■ **GOAL OF THE EXERCISE**
Return the listing below exactly as it stands. Pictures stay out.

■ **DATA FOR THE TASK**

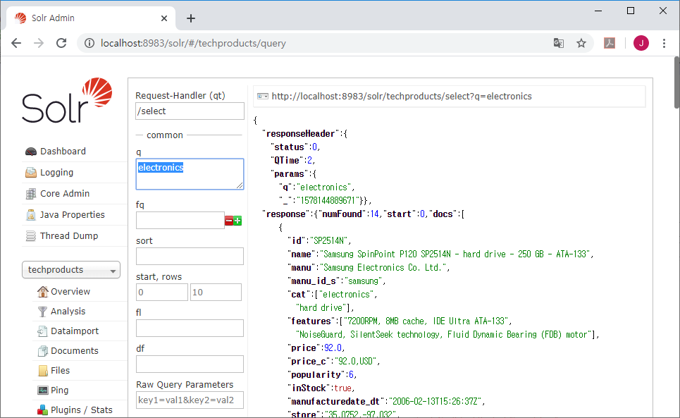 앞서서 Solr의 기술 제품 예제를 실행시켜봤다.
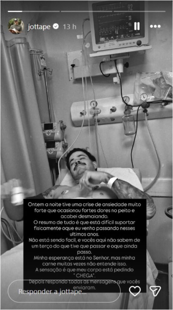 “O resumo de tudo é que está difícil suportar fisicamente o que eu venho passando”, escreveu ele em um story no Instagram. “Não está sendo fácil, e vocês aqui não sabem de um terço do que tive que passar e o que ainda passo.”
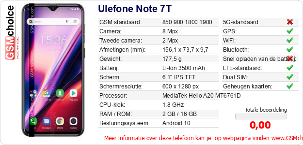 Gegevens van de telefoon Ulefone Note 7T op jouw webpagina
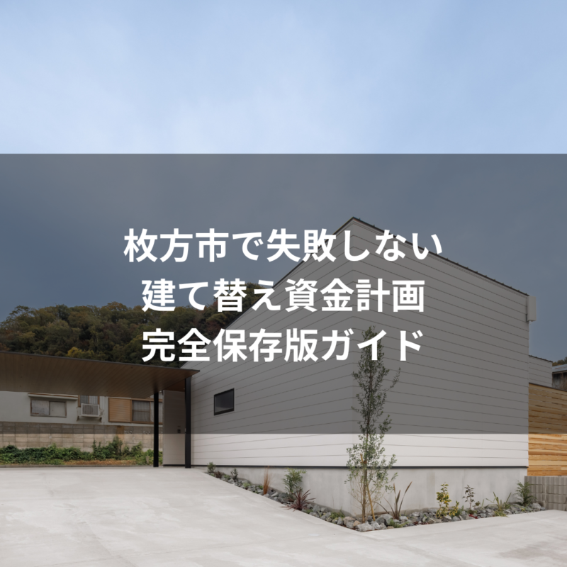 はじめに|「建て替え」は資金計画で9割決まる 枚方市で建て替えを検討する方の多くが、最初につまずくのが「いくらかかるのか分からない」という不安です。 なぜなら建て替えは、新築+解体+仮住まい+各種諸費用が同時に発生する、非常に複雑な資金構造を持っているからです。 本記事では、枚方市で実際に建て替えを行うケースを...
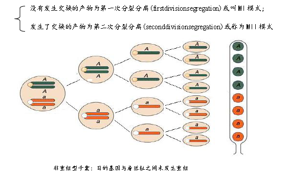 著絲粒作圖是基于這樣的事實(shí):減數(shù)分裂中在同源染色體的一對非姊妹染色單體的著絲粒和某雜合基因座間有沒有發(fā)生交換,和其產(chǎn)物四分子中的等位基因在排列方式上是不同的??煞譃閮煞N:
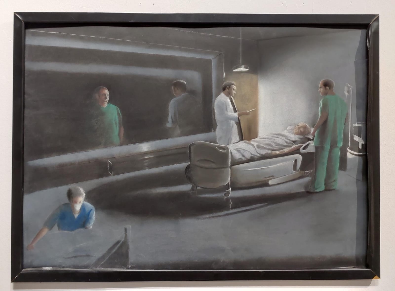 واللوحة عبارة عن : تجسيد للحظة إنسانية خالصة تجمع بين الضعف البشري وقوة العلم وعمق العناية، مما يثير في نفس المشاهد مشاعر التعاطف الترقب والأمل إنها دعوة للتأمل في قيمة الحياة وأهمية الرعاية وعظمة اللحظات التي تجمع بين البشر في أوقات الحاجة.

■ **FINISHED TASK**
 앞서서 Solr의 기술 제품 예제를 실행시켜봤다.
 “O resumo de tudo é que está difícil suportar fisicamente o que eu venho passando”, escreveu ele em um story no Instagram. “Não está sendo fácil, e vocês aqui não sabem de um terço do que tive que passar e o que ainda passo.”
 Gegevens van de telefoon Ulefone Note 7T op jouw webpagina
 はじめに|「建て替え」は資金計画で9割決まる 枚方市で建て替えを検討する方の多くが、最初につまずくのが「いくらかかるのか分からない」という不安です。 なぜなら建て替えは、新築+解体+仮住まい+各種諸費用が同時に発生する、非常に複雑な資金構造を持っているからです。 本記事では、枚方市で実際に建て替えを行うケースを...
 著絲粒作圖是基于這樣的事實(shí):減數(shù)分裂中在同源染色體的一對非姊妹染色單體的著絲粒和某雜合基因座間有沒有發(fā)生交換,和其產(chǎn)物四分子中的等位基因在排列方式上是不同的??煞譃閮煞N:
 واللوحة عبارة عن : تجسيد للحظة إنسانية خالصة تجمع بين الضعف البشري وقوة العلم وعمق العناية، مما يثير في نفس المشاهد مشاعر التعاطف الترقب والأمل إنها دعوة للتأمل في قيمة الحياة وأهمية الرعاية وعظمة اللحظات التي تجمع بين البشر في أوقات الحاجة.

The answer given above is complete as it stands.